Alors qu'un nombre croissant de voix s'élevaient, xAI a finalement cédé à la pression. Sur Grok, il n'est plus possible de générer des deepfakes de personnes dénudées.

Depuis plusieurs semaines, des utilisateurs de X.com profitent des garde-fous très limités sur Grok pour demander à l'intelligence artificielle (IA) de retoucher des photographies de femmes, parfois mineures, afin de les dénuder. Jusqu'alors, xAI blâmait avant tout les auteurs de ces visuels, plutôt que sa technologie. Mais elle a finalement fait volte-face.
Plus de génération d'images pour ceux qui ne payent pas
« Nous avons mis en place des mesures techniques afin d'empêcher le compte Grok de permettre la modification d'images de personnes réelles portant des vêtements révélateurs, tels que des bikinis.

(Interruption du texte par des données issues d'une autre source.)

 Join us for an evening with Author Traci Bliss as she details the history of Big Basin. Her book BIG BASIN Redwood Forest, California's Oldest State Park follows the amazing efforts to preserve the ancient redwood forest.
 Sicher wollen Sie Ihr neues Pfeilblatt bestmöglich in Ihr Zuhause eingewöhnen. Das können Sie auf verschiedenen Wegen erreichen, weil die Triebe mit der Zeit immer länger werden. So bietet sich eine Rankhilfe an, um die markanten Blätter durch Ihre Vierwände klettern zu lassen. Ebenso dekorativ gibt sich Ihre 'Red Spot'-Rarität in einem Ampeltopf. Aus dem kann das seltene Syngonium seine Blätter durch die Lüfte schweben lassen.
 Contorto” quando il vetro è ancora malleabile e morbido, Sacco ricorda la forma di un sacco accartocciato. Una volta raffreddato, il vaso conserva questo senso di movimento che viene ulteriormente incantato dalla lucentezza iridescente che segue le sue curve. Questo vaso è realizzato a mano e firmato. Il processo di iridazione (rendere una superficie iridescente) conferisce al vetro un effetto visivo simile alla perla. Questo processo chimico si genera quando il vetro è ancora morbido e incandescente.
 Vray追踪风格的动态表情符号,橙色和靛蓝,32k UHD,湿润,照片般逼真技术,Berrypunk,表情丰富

Cette restriction s'applique à tous les utilisateurs, y compris les abonnés payants », indique la start-up dans un communiqué.
De même, « la création d'images et la possibilité de modifier des images via le compte Grok sur la plateforme X ne sont désormais disponibles que pour les abonnés payants », poursuit-elle. Concrètement, vous ne pourrez plus générer d'images via X.com, il faudra passer par l'application Grok.

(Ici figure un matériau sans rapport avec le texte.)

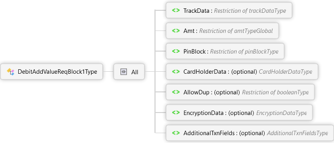 AdditionalTxnFields Element EncryptionData Element AllowDup Element CardHolderData Element PinBlock Element Amt Element TrackData Element All DebitAddValueReqBlock1Type Complex Type
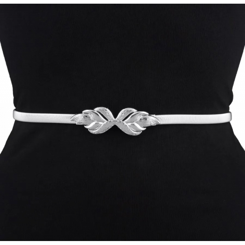 Pasek damski sprężynka do sukienki z metalową klamrą PAS-M-22 srebrny.
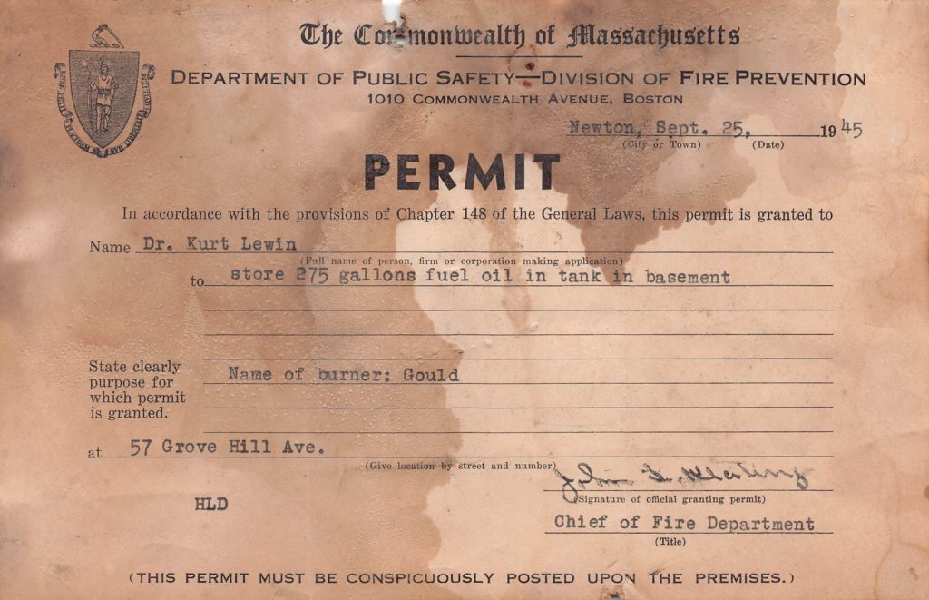 We discovered that Kurt Lewin lived in the house when Lisa found this permit on a basement column 2 years after we moved in. It has been obstructed by furniture before then.
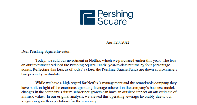 就在不到一个月前的3月29日,阿克曼还曾在潘兴广场的年度报告中称赞奈飞是一家“处于有利地位的公司,是流媒体长期增长的主要受益者,这是一项由世界级管理团队监督的高质量业务…我们认为,奈飞目前的估值与它的内在价值相比存在很大折扣,因为它具有良好的质量和非凡的增长潜力。”
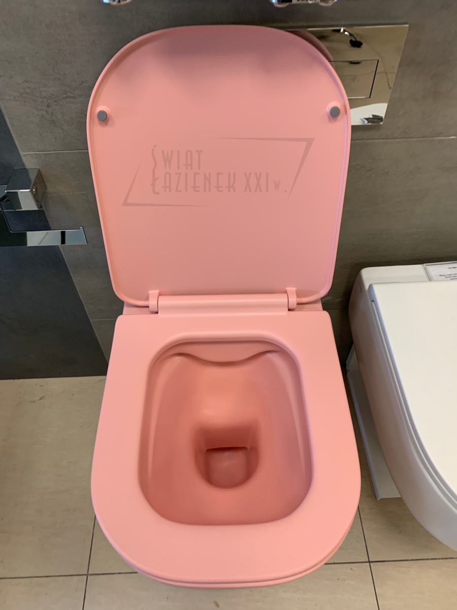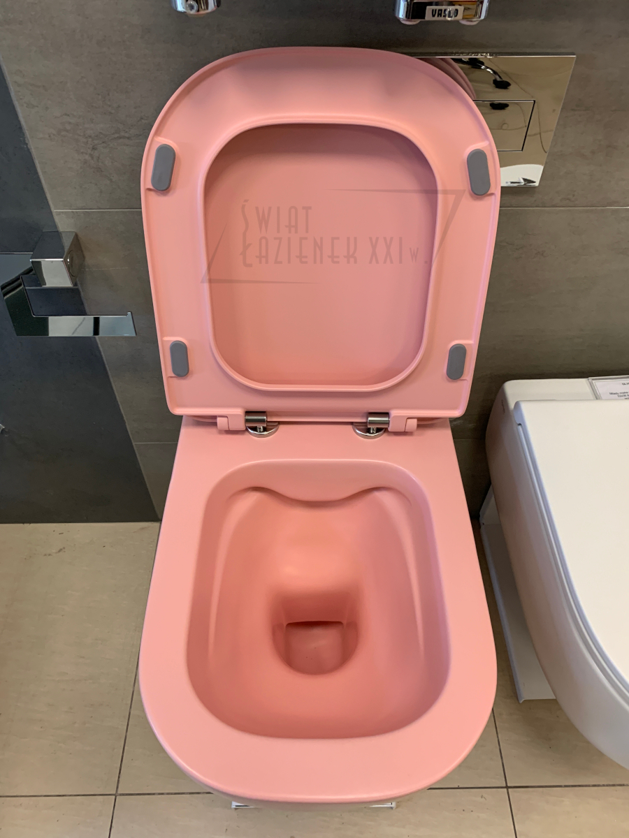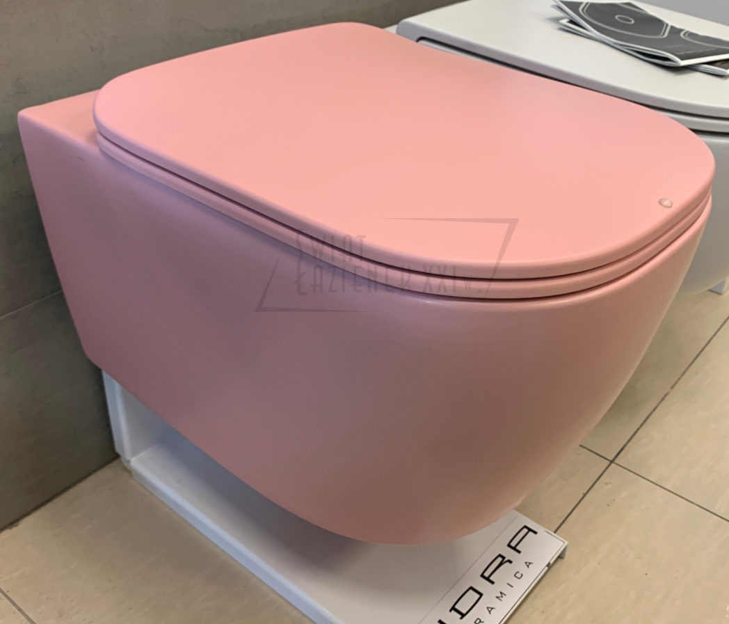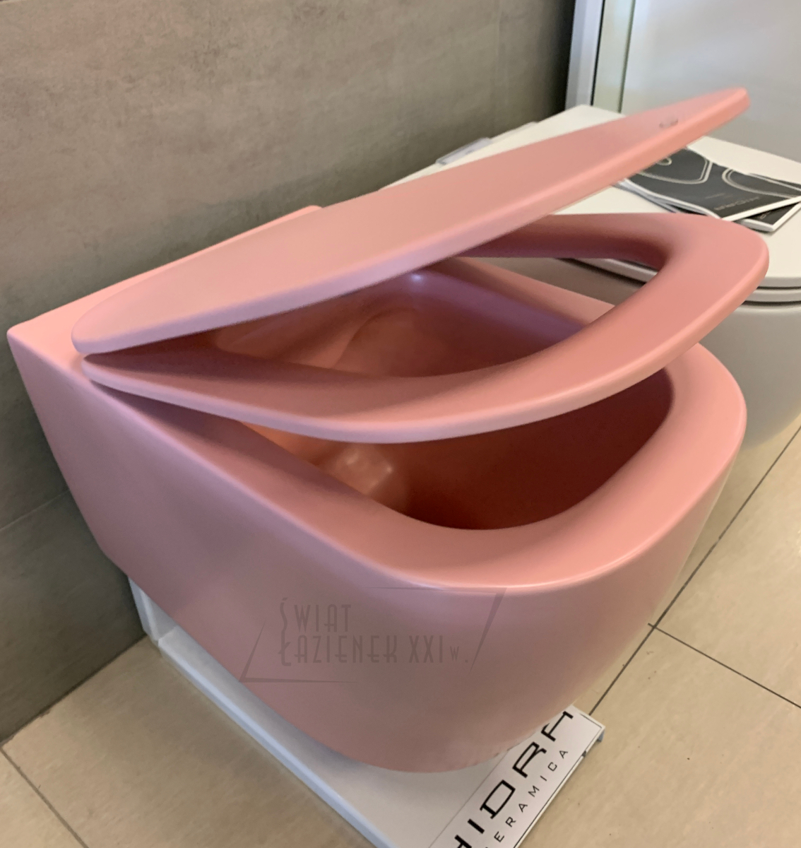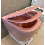 Hidra Faster Miska WC wisząca bez kołnierza 53x36,5 cm z deską wolnoopadającą Różowy mat FAWR20.097+FAZQ.097

Cette fonctionnalité a suscité un véritable tollé, poussant la France, le Royaume-Uni, l'Union européenne (UE) et l'Inde à lancer des enquêtes contre le réseau social. Mais d'autres ont été bien plus loin.

Pression réglementaire immense
La Malaisie et l'Indonésie, qui disposent de réglementations ultra strictes vis-à-vis de la pornographie, ont tout bonnement suspendu la plateforme. Et la pression continuait à grimper : l'annonce de xAI est justement intervenue quelques heures après que le procureur général de Californie, Rob Bonta, ait ouvert une investigation contre l'entreprise pour sa « production à grande échelle d'images intimes deepfake non consenties ».

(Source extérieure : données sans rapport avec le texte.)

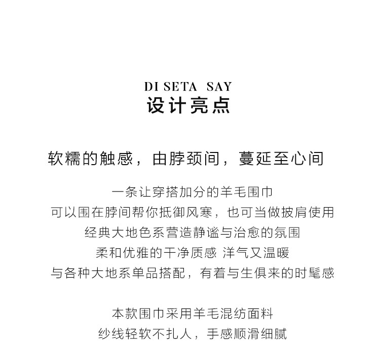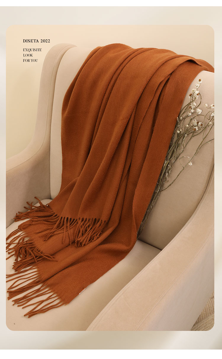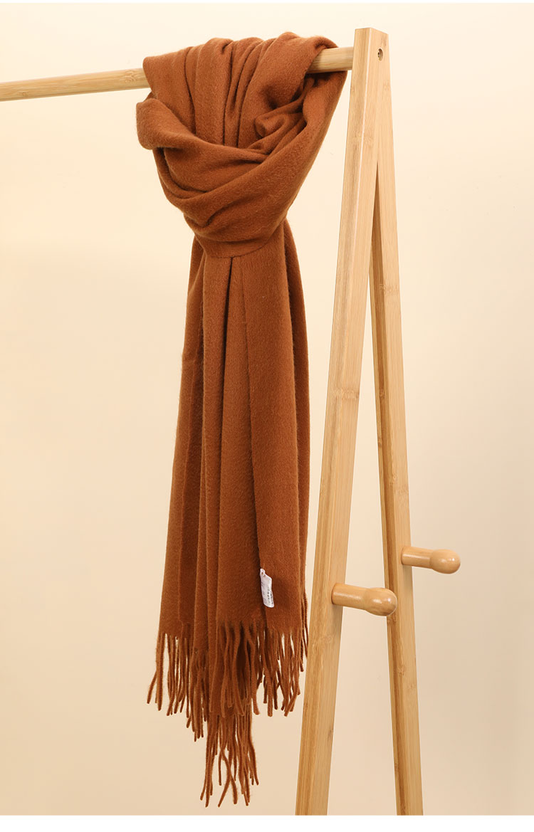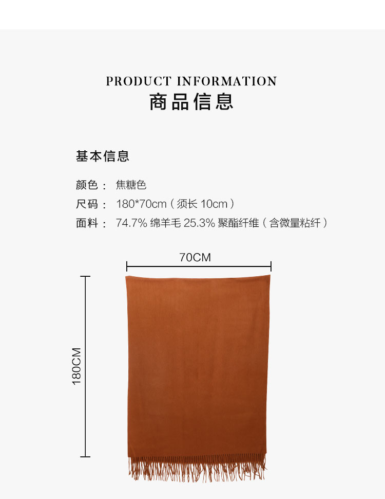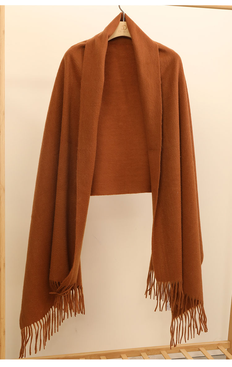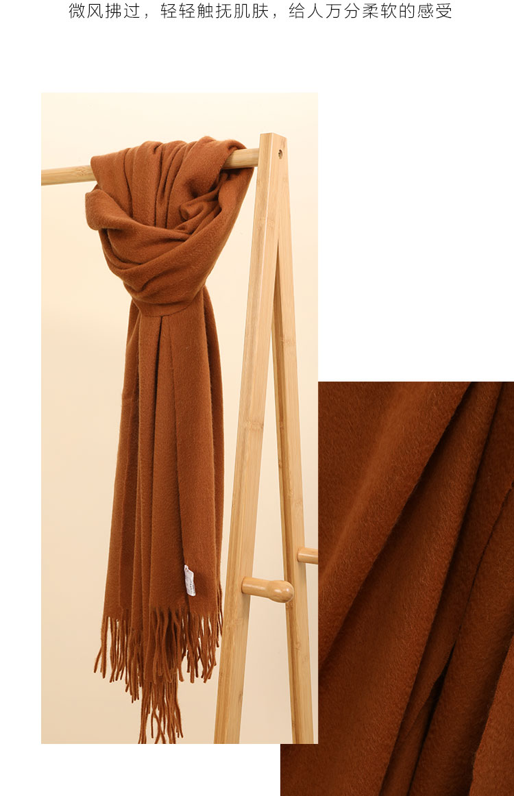 玳莎羊毛加厚围巾冬季纯色简约百搭流苏设计感保暖围脖披肩 CD52003
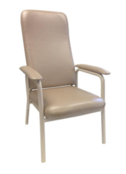The High Back Chair features a contoured backrest, padded armrests, vinyl upholstery, adjustable height, and a powder coated steel frame. Available in Teal/Blue and Mocha.

« La décision de xAI de créer et d'héberger un terrain fertile pour les prédateurs afin de diffuser des deepfakes sexuellement explicites non consensuels générés par l'IA, y compris des images qui déshabillent numériquement des enfants, est ignoble », a, pour sa part, réagi Gavin Newsom, gouverneur de la Californie.
En amont, beaucoup ont pointé du doigt Google et Apple, qui n'ont pas pris de mesures pour supprimer X.com de leur magasin d'applications respectifs, alors qu'elle allait clairement à l'encontre de leurs conditions d'utilisation.